(Source records)
[Start of Attachment]
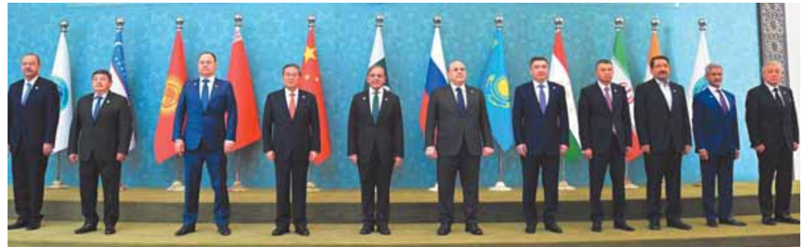
Pakistan's Prime Minister Shehbaz Sharif (centre), China's Premier Li Qiang, Belarus Prime Minister Roman Golovchenko, Russian Prime Minister Mikhail Mishustin, Kazakhstan's Prime Minister Olzhas Bektenov, Tajikistan's Prime Minister Kokhir Rasulzoda, and other leaders pose for group photo at the opening session of Shanghai Cooperation Organization (SCO) meeting in Islamabad, on Wednesday.

Pakistan Prime Minister Shehbaz Sharif on Wednesday rooted for Beijing's Belt and Road Initiative at the SCO summit here, saying such connectivity projects should not be viewed through a "narrow political prism" — an apparent reference to India's reluctance to endorse it. In his opening remarks at the Shanghai Cooperation Organisation summit, he said efforts like China's Belt and Road Initiative and the China-Pakistan Economic Corridor, which is a part of the larger project, should be expanded. India has shown little enthusiasm for the China's "unilateral" initiative. And it has repeatedly criticised the China-Pakistan corridor for violating its territorial integrity as it involves building infrastructure in Pakistan-occupied Kashmir. Indirectly challenging India's position, Sharif said, "Let us not look at such projects through the narrow political prism, and invest in our collective connectivity capacities which are crucial to advancing the shared vision of an economically integrated region." In his speech later, External Affairs Minister S Jaishankar said trade and connectivity initiatives must recognise territorial integrity and sovereignty and it is essential to have an "honest conversation" on lack of trust, a remark seen as an indirect reference to China. The SCO comprises China, India, Russia, Pakistan, Iran, Kazakhstan, Kyrgyzstan, Tajikistan, Uzbekistan and Belarus. Sixteen more countries are affiliated as observers or "dialogue partners".
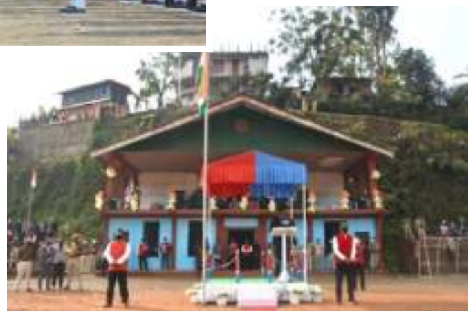
Deputy Commissioner, Mon, Thavaseelan K, IAS delivering the Republic Day Speech at Local Ground, Mon on 26 th January 2022.
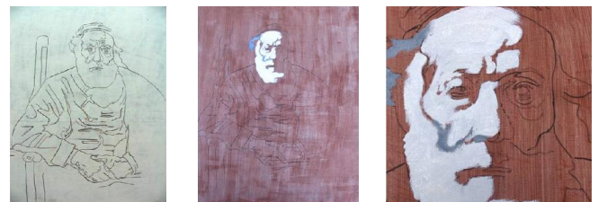
Fig. 2 Tracing of Rembrandt's "Old Man's Portrait" - with colored base

The canvas with colored base can be applied with acrylic color and watercolor to replace mineral color that ancient artists used. Blend them in when you apply the last layer of bottom material, as shown in Fig. 2. In ancient times, artists control the drying rate according to their needs. Some artists even added oily materials into base. The More oil painter applies the slower the drying rate is. The method of rubbing painting is similar with that of sketch. It should be specially pointed out that we can print a black and white painting if the works is in a large size. We can use the printing painting for rubbing. Use light ink to draw outline; Refer to the white and black draft and draw the sketch relationships with white and black color according to the original work. In drawing sketch relationships, it is required to draw all details and texture, in line with the original work. The color of finished painting is slightly light than that of the original one. When it is dried, continue the next step, as shown in Fig. 3.
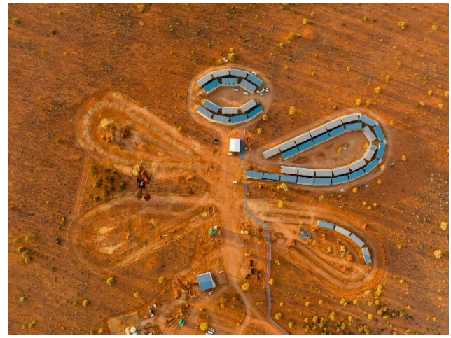
Figure 7: 'Dragonfly' Accommodation Village north-east wing

The overall capacity of the accommodation village has been expanded from 407 to 660 rooms to ensure that the construction schedule will not be impacted by a tightening of regional room availability.
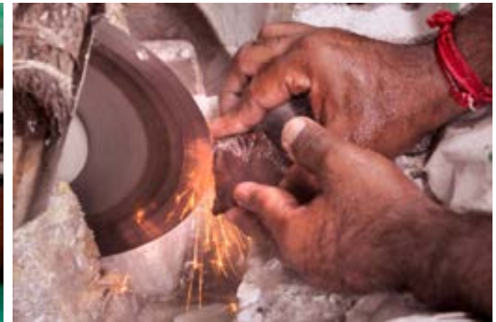
Sharpening stone to sharpen the blades.
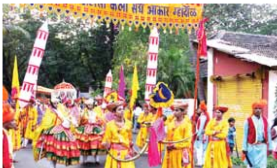
SHIGMO: A popular festival in Goa

Sal and Talpona, flow windingly through villages and give support to the local economy, either for agriculture or for fishing. Sight seeing can be done from the water instead of the road. The inland cruises could have landing points near the spice gardens, churches and temples so that the tourist can see the important places too along with the scenic river trip.
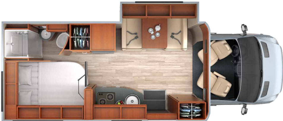
U241CB Corner Bed (Shown with standard Booth Dinette)
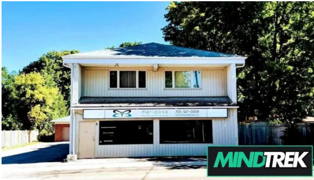
Mariposa physiotherapy rehabilitation all
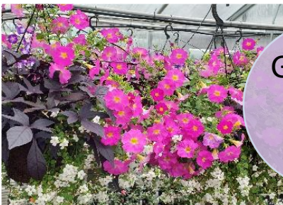
German Style Purple
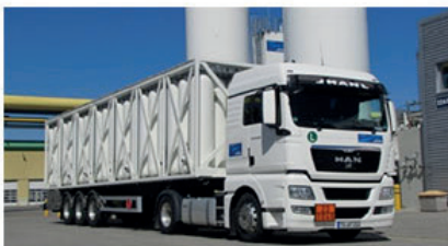
Compressed gaseous hydrogen (CGH 2 )

Supply of hydrogen to electronics customers has historically been driven by regional source types, engineering and transportation codes, and by end user preferences and process qualification. However, steep demand curves are causing users to consider new supply schemes for access to larger volumes,
[End of Attachment]
**Problem statement**. Please print all the entries exactly as written, but drop the pictures.

**Response to this task**.
Pakistan's Prime Minister Shehbaz Sharif (centre), China's Premier Li Qiang, Belarus Prime Minister Roman Golovchenko, Russian Prime Minister Mikhail Mishustin, Kazakhstan's Prime Minister Olzhas Bektenov, Tajikistan's Prime Minister Kokhir Rasulzoda, and other leaders pose for group photo at the opening session of Shanghai Cooperation Organization (SCO) meeting in Islamabad, on Wednesday.

Pakistan Prime Minister Shehbaz Sharif on Wednesday rooted for Beijing's Belt and Road Initiative at the SCO summit here, saying such connectivity projects should not be viewed through a "narrow political prism" — an apparent reference to India's reluctance to endorse it. In his opening remarks at the Shanghai Cooperation Organisation summit, he said efforts like China's Belt and Road Initiative and the China-Pakistan Economic Corridor, which is a part of the larger project, should be expanded. India has shown little enthusiasm for the China's "unilateral" initiative. And it has repeatedly criticised the China-Pakistan corridor for violating its territorial integrity as it involves building infrastructure in Pakistan-occupied Kashmir. Indirectly challenging India's position, Sharif said, "Let us not look at such projects through the narrow political prism, and invest in our collective connectivity capacities which are crucial to advancing the shared vision of an economically integrated region." In his speech later, External Affairs Minister S Jaishankar said trade and connectivity initiatives must recognise territorial integrity and sovereignty and it is essential to have an "honest conversation" on lack of trust, a remark seen as an indirect reference to China. The SCO comprises China, India, Russia, Pakistan, Iran, Kazakhstan, Kyrgyzstan, Tajikistan, Uzbekistan and Belarus. Sixteen more countries are affiliated as observers or "dialogue partners".
Deputy Commissioner, Mon, Thavaseelan K, IAS delivering the Republic Day Speech at Local Ground, Mon on 26 th January 2022.
Fig. 2 Tracing of Rembrandt's "Old Man's Portrait" - with colored base

The canvas with colored base can be applied with acrylic color and watercolor to replace mineral color that ancient artists used. Blend them in when you apply the last layer of bottom material, as shown in Fig. 2. In ancient times, artists control the drying rate according to their needs. Some artists even added oily materials into base. The More oil painter applies the slower the drying rate is. The method of rubbing painting is similar with that of sketch. It should be specially pointed out that we can print a black and white painting if the works is in a large size. We can use the printing painting for rubbing. Use light ink to draw outline; Refer to the white and black draft and draw the sketch relationships with white and black color according to the original work. In drawing sketch relationships, it is required to draw all details and texture, in line with the original work. The color of finished painting is slightly light than that of the original one. When it is dried, continue the next step, as shown in Fig. 3.
Figure 7: 'Dragonfly' Accommodation Village north-east wing

The overall capacity of the accommodation village has been expanded from 407 to 660 rooms to ensure that the construction schedule will not be impacted by a tightening of regional room availability.
Sharpening stone to sharpen the blades.
SHIGMO: A popular festival in Goa

Sal and Talpona, flow windingly through villages and give support to the local economy, either for agriculture or for fishing. Sight seeing can be done from the water instead of the road. The inland cruises could have landing points near the spice gardens, churches and temples so that the tourist can see the important places too along with the scenic river trip.
U241CB Corner Bed (Shown with standard Booth Dinette)
Mariposa physiotherapy rehabilitation all
German Style Purple
Compressed gaseous hydrogen (CGH 2 )

Supply of hydrogen to electronics customers has historically been driven by regional source types, engineering and transportation codes, and by end user preferences and process qualification. However, steep demand curves are causing users to consider new supply schemes for access to larger volumes,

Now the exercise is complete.